Eric L. Williams
Eric L. Williams is expected to be charged with the murders of Mike McClelland and Mark Hasse, according to a television news report. Reuters/Kaufman County Sheriff's Office

Eric L. Williams, the former Texas justice of the peace charged with making terroristic threats following the killings of Kaufman County District Attorney Mike McClelland and Assistant District Attorney Mark Hasse, may soon be charged with the murders of the two men.

Williams, 46, was not initially viewed as a suspect in the brazen killings of Hasse and McClelland, but now there is “strong evidence” that he committed the murders once theorized to be carried out by the Aryan Brotherhood of Texas white supremacist prison gang, WFAA in Dallas-Ft.
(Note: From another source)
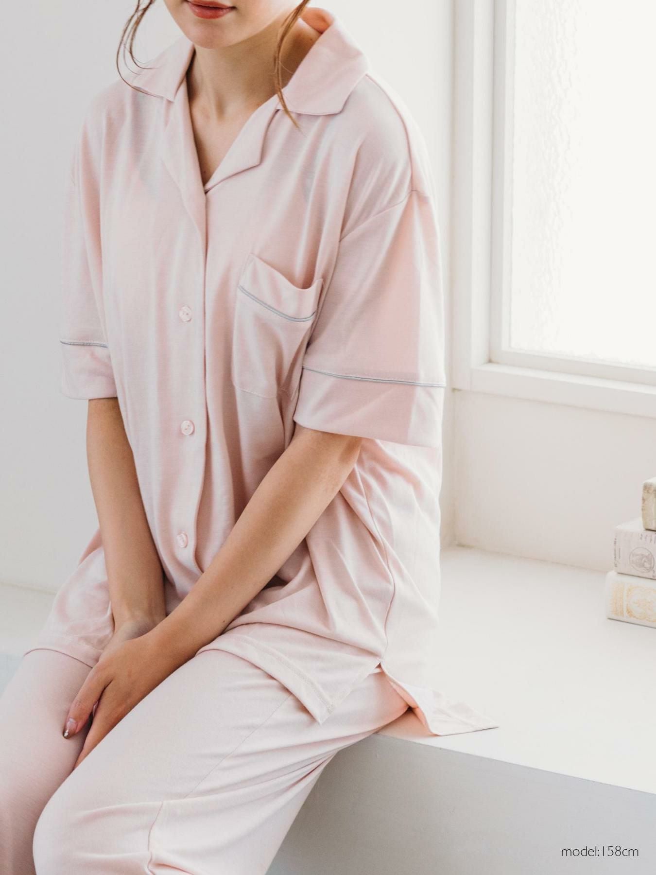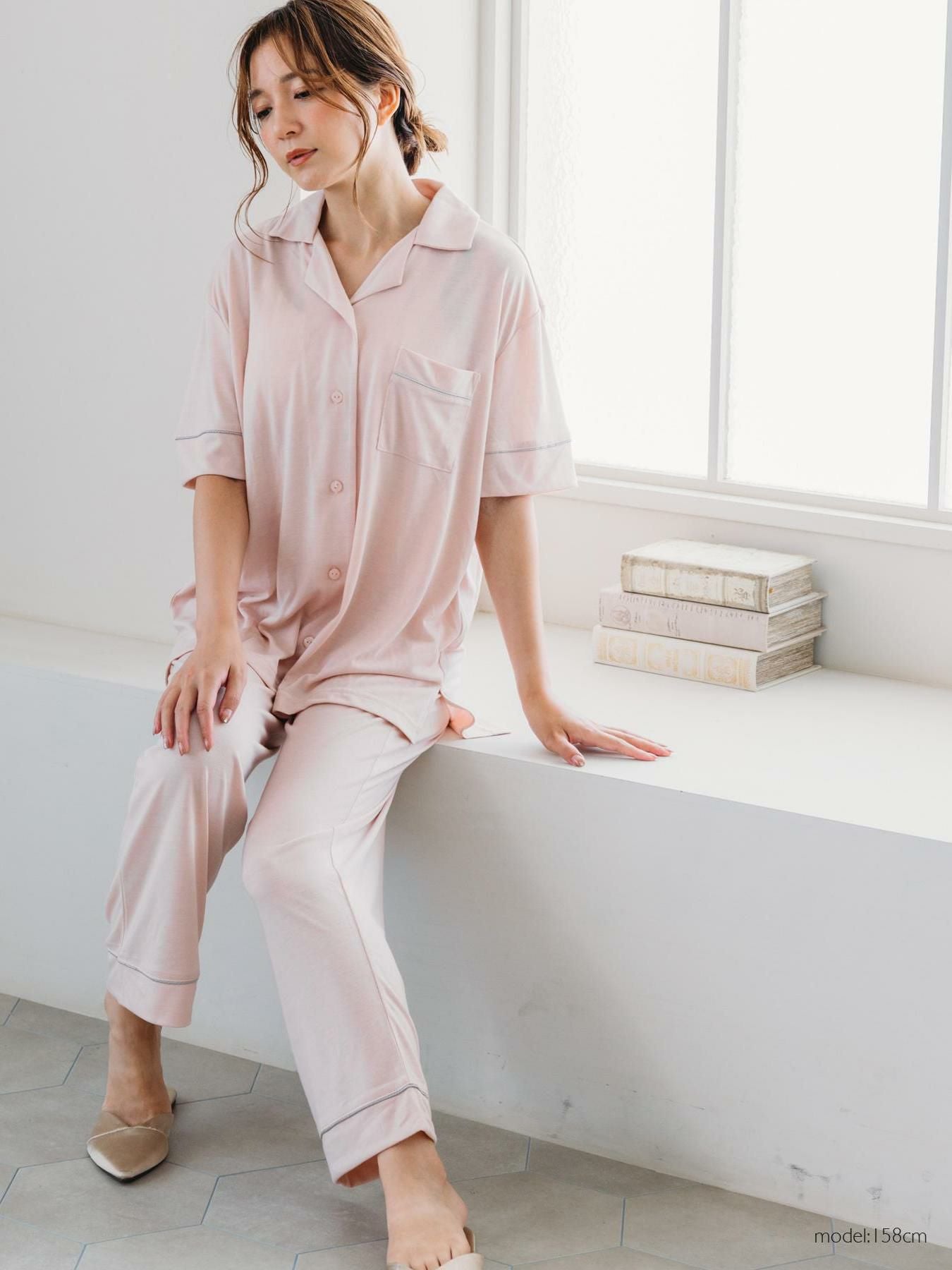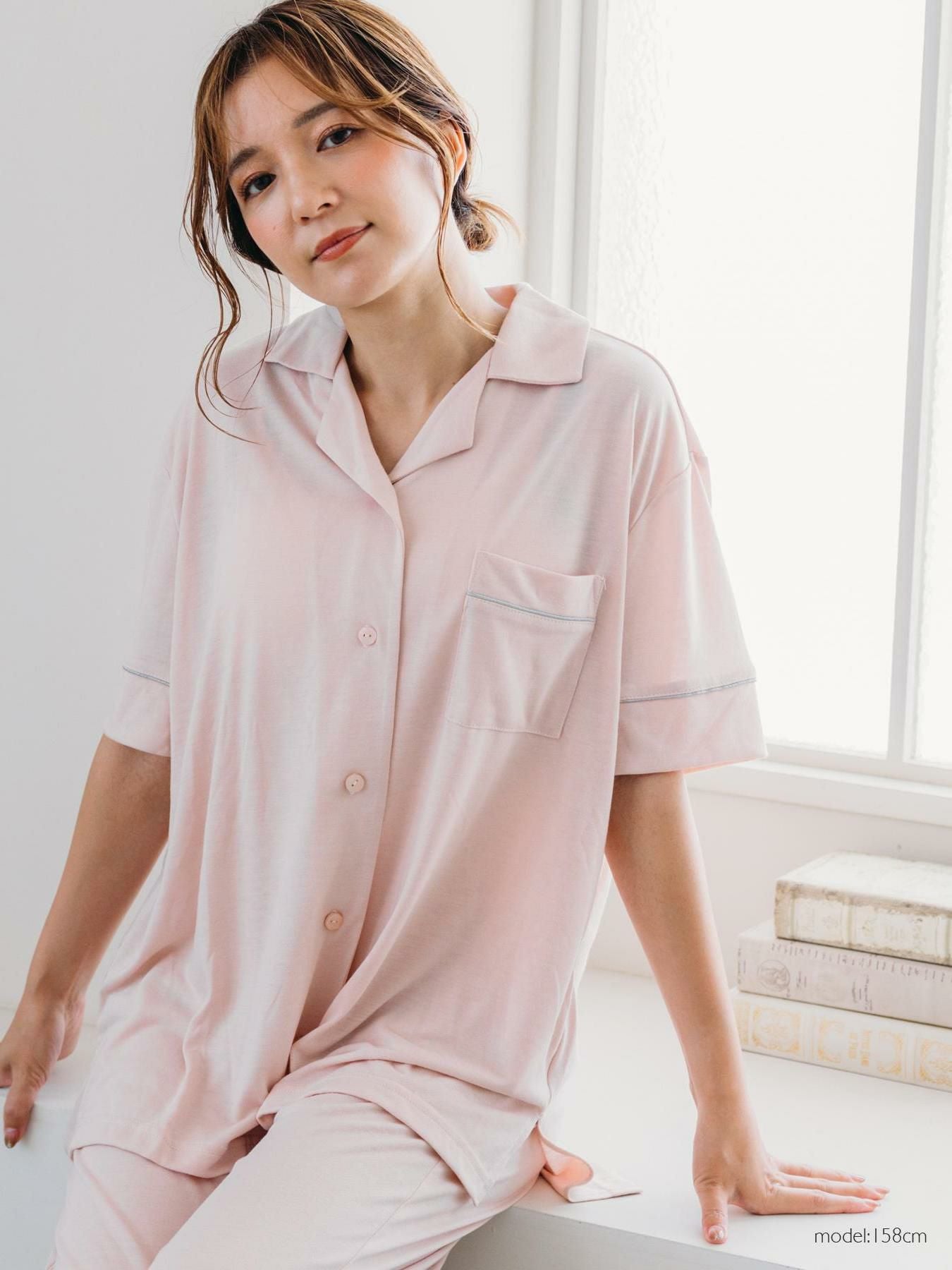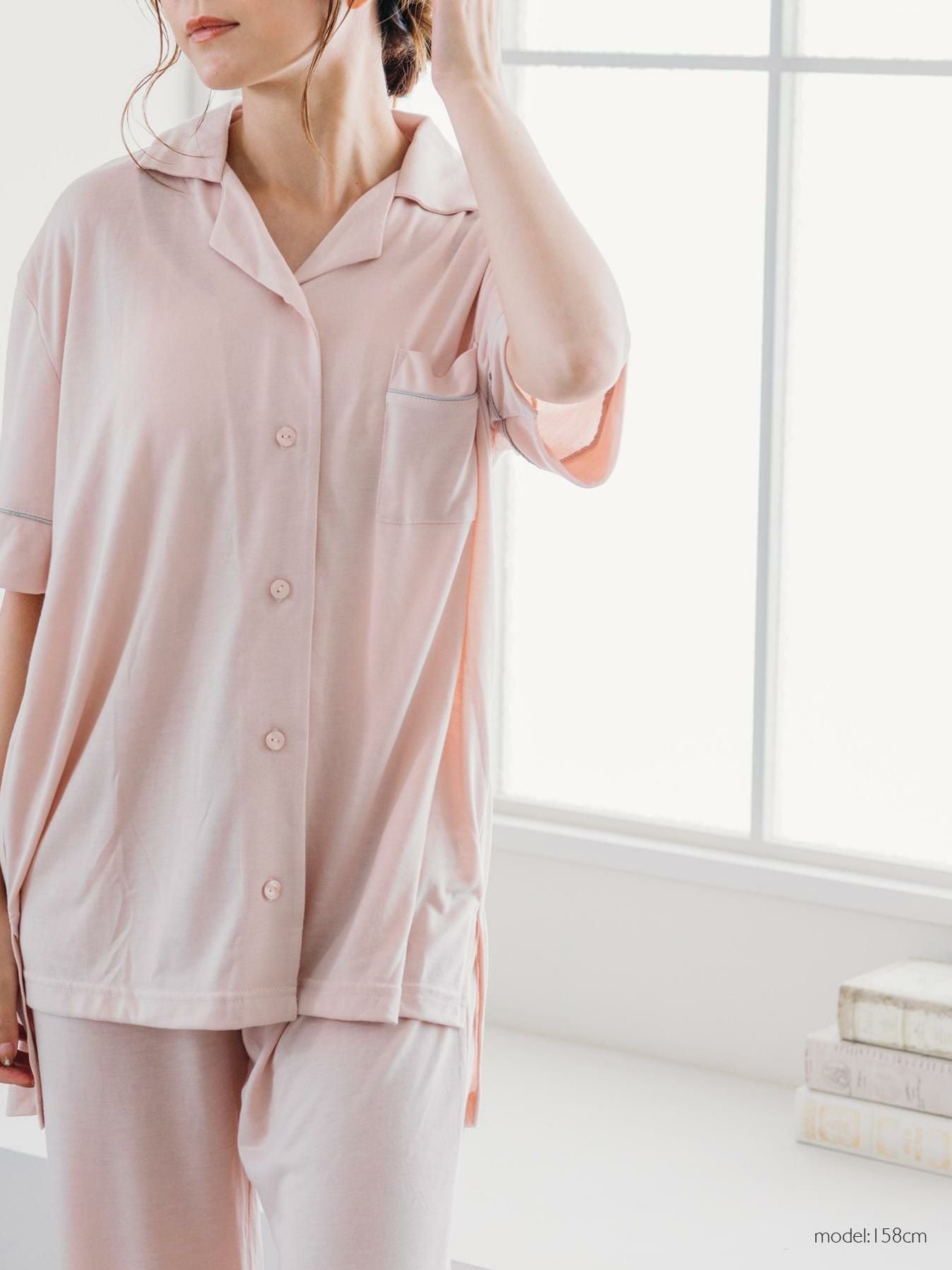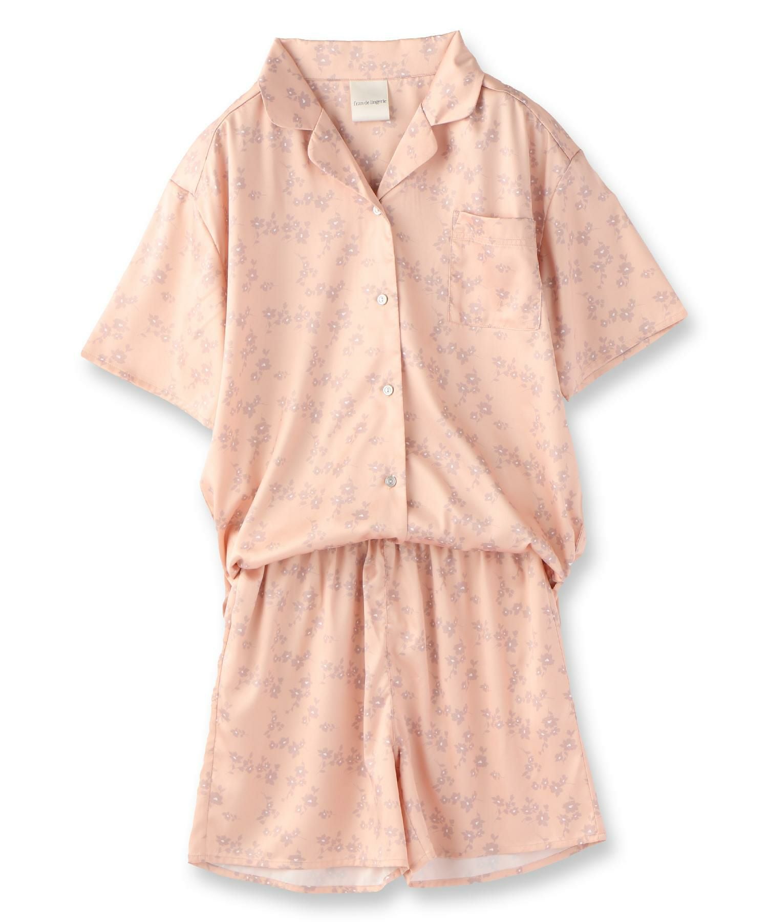 milky-satin半袖パジャマシャツ・ハーフパンツ上下セット

Worth reported.

Williams’ home was searched Friday, and weapons similar to those used in the murders of Hasse and McClelland were found in there, anonymous sources told the television station.

The 46-year-old former justice of the peace was booked into the Kaufman County Jail on Saturday on a charge of making a terroristic threat, Reuters reported. He was being held on $3 million bond.

WFAA reported another search warrant in connection with the prosecutors’ murders was executed by state and federal law enforcement agencies at a storage facility in nearby Seagoville, Texas, but authorities would not say if the search was linked to Williams.

As authorities considered the possibility that the Aryan Brotherhood of Texas was behind the murders, they also considered whether McClelland and his deputy were killed because of a personal vendetta over someone they prosecuted.

Williams was convicted of theft in Kaufman County last year and had to vacate his political office as a result, NBC News reported.

The reported evidence linking Williams to the murders signifies a quick turnaround in how authorities viewed the former justice of the peace.

Even late Saturday night, a spokesman for the Kaufman County Sheriff’s Department said Williams was not viewed as a suspect in the murders.

Early suspicion in the murders of Hasse and McClelland fell on the Aryan Brotherhood of Texas because the Kaufman County district attorney’s office successfully prosecuted some members of the white supremacist prison gang, although there was no evidence linking the group to the killings.

Hasse was killed Jan. 31 in broad daylight as he was walking to his car near the Kaufman County courthouse.

After Hasse’s murder, McClelland had strong words for whoever killed his deputy.

“We’re going to find you, we’re going to pull you out of whatever hole you’re in and we’re going to bring you back and let the people of Kaufman County prosecute you to the fullest extent of the law,” he said.

Nearly two months later, on March 30, McCelland and his wife, Cynthia McClelland, were shot and killed in their home in Forney.